Grit your teeth, plough on and you actually do come to some half decent local news, flickering into life on pages six and seven. A nursery forced to close; a bad school gets better; and commuters tell of their Southeastern commuter train hell. Any one of which might have been a good contender for the front page – but what do I know?
By page nine, the newspaper has forgotten that it’s the “Lewisham and Catford” edition. “Tens of thousands of Bromley children don’t go to the dentist” you find out, to the interest of almost no-one in the borough of Lewisham (although it is tailored to Lewisham online, which gives some idea of where the editorial priorities lie).
Next a readers’ letters page, including a note from somebody who comes from an unfamiliar place called “Shaftesbury Estate”. (It’s in Wandsworth). Local issues, yes – but not for Lewisham and Catford. There’s an ‘editor’s view’ column about near misses and road safety, with no mention of any near misses or road safety issues in our area. But then there wouldn’t be, as the same column has to run in Dartford and Gravesend too and who knows where else…
On page 13, the paper briefly remembers its audience. Lewisham! Catford! Of course. Quick, here’s a story on the new local Parkrun. Let’s find out from the organiser when’s it going to start…
David? David? Hello?
I’ll finish my analysis with this little gem, tucked away on page 26, featuring several towns far, far away.
Check out the picture of a place unnamed in the caption. “Four towns in the south-east have been named” wrote the sub-editor, whose will to live is clearly ebbing dangerously under the weight of producing so many pages with so few staff.
Could they have not found a better archive image of Gravesend, Swanley, or Erith?

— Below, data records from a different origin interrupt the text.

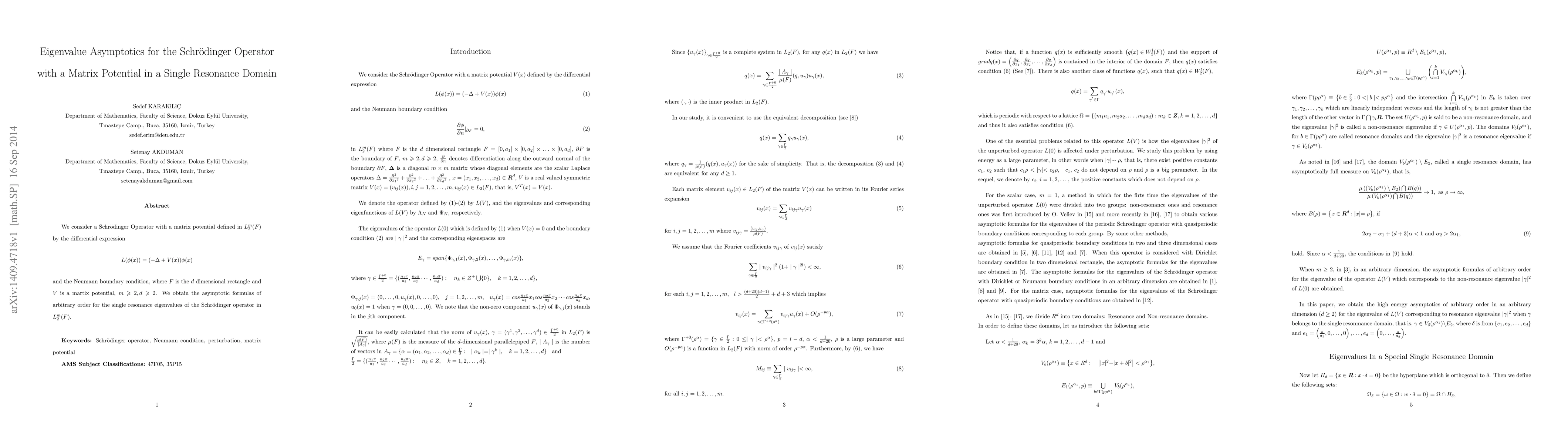 We consider a Schr\"odinger Operator with a matrix potential defined in $L_2^m(F)$ by the differential expression\begin{equation*} L(\phi(x))=(-\Delta+V(x))\phi(x) \end{equation*}and the Neumann boundary condition, where $F$ is the $d$ dimensional rectangle and $V$ is a martix potential, $m\geqslant 2, d\geqslant 2$. We obtain the asymptotic formulas of arbitrary order for the single resonance eigenvalues of the Schr\"odinger operator in $L_2^m(F)$.
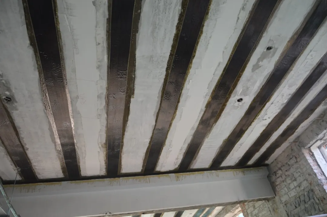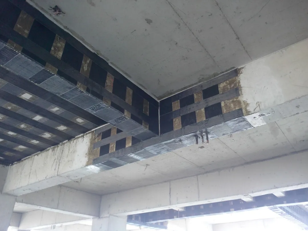 受彎構件正截面加固常見于梁、板構件,當梁、板構件使用荷載增加導致受彎承載能力不足時,可對其進行加固。可在受彎構件的受拉邊混凝土表面上粘貼纖維布進行加固,以此提高受拉區(qū)的抗拉強度,從而提高結構構件的承載能力。
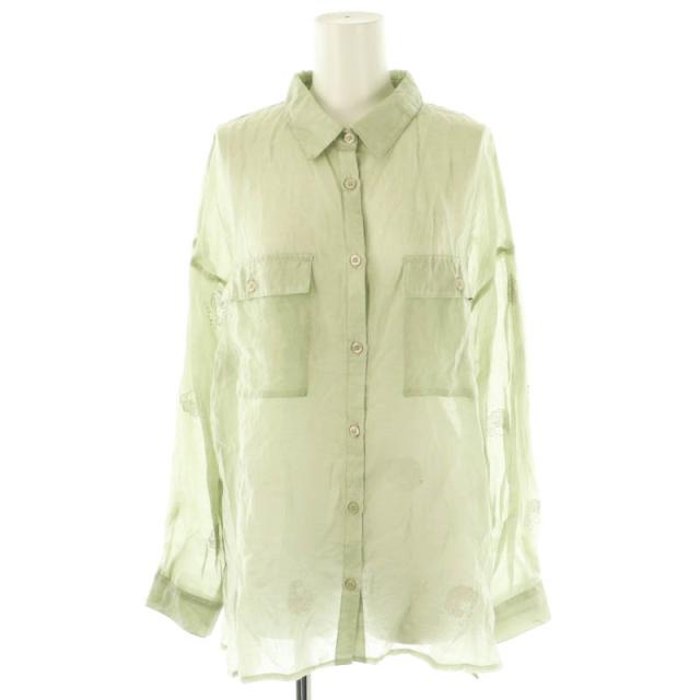 【中古】スカラー ScoLar シアー ブラウス シャツ ロゴプリント M スモークグリーン /ES ■OS レディース
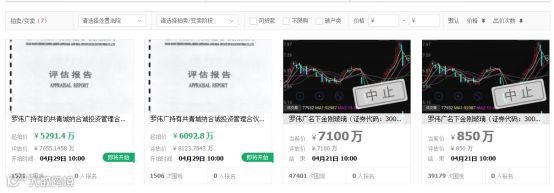 平台显示,罗伟广持有共青城纳合诚39.59%的股权,分为两笔拍卖,分别为9.59%股权和11.05%股权,将于4月29日上午10时至4月30日10时在网上拍卖。截至发稿,目前两笔股权拍卖已经吸引网上1521次和1506次围观。
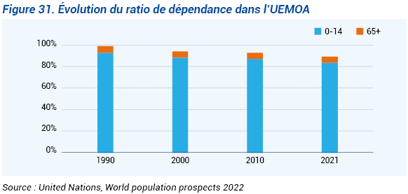 Le profil démographique de l’UEMOA est caractérisé par une population jeune avec un âge médian de 17 ans. 44,3% de cette population a moins de 15 ans et 64,2% moins de 25 ans. Le ratio de dépendance démographique est de 89% en 2021 contre 83% pour l’Afrique subsaharienne (ASS). Il indique qu’une personne active vivant dans l’Union, dont l’âge est compris entre 15 et 64 ans, a à sa charge 0,89 personne contre 0,83 en ASS.
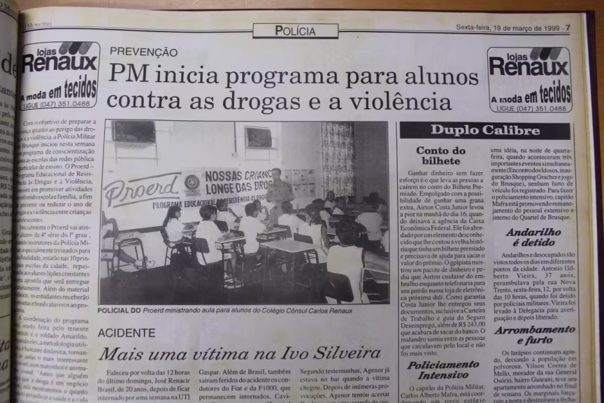 Em março de 1999 a Polícia Militar de Brusque iniciava o Programa Educacional de Resistência às Drogas e à Violência (Proerd), com o intuito de conscientizar as crianças da redes pública e particular de ensino. O programa, que já formou mais de 30 mil crianças em Brusque e região, hoje é aplicado com os alunos do 5º ano de todas as escolas.
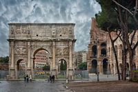 der Konstantinsbogen unmittelbar am römischen Kolosseum, ein imposanter Trimphbogen aus dem antiken Rom
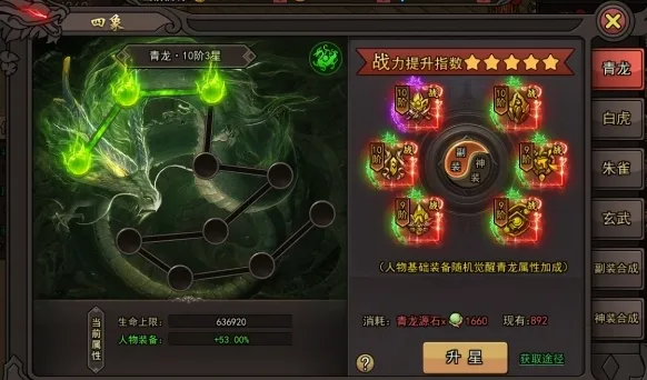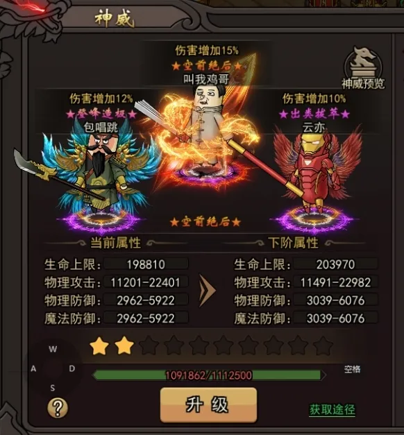 2、通过完成对应的任务获取神威值进行神威提升,获得属性加成。
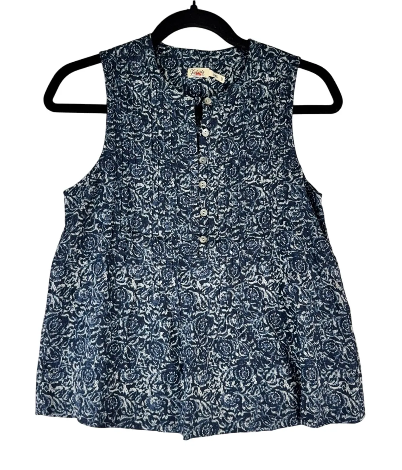 Faherty Tunic Blouse -Excellent preowned condition, no flaws. -Linen Blend -Sleeveless -Collared -Blue and White print -Women’s Size XX-Small -Measurements pit to pit 16.5”, length 23” B11
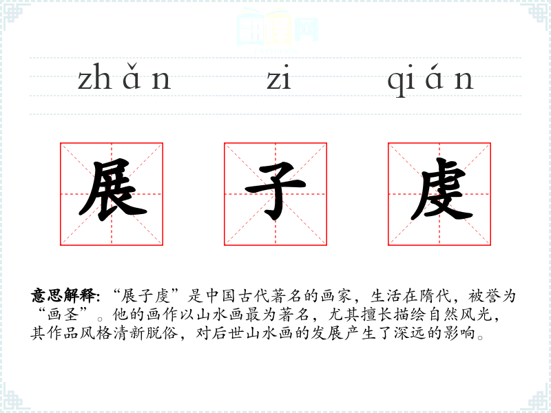 “展子虔”是**古代著名的画家,生活在隋代,被誉为“画圣”。他的画作以山水画最为著名,尤其擅长描绘自然风光,其作品风格清新脱俗,对后世山水画的发展产生了深远的影响。

But hang on. Surely they haven’t raided Google Street View? Surely…
Oh.
So there you have it: a week in Lewisham and Catford (but mostly not), according to News (in a loose sense of the word) Shopper.
Read it and weep.
POSTSCRIPT: Whatever your political persuasion, the government’s decision to set up the Cairncross review into the newspaper industry and its sustainability should be a Good Thing for journalism, accountability and local democracy. But if there’s a message from this blog – apart from how under-resourced and, well, rubbish, our main local newspaper is – it should be this. Get some of the poor buggers who are at the coalface involved. I am not the first to say this. It’s already been said here. And here. But surely their take on what it’s like to produce a local newspaper (a point included in the terms of reference) on current resources is an important one to hear from the people who know best? That is, if things are to change – as they really, really must.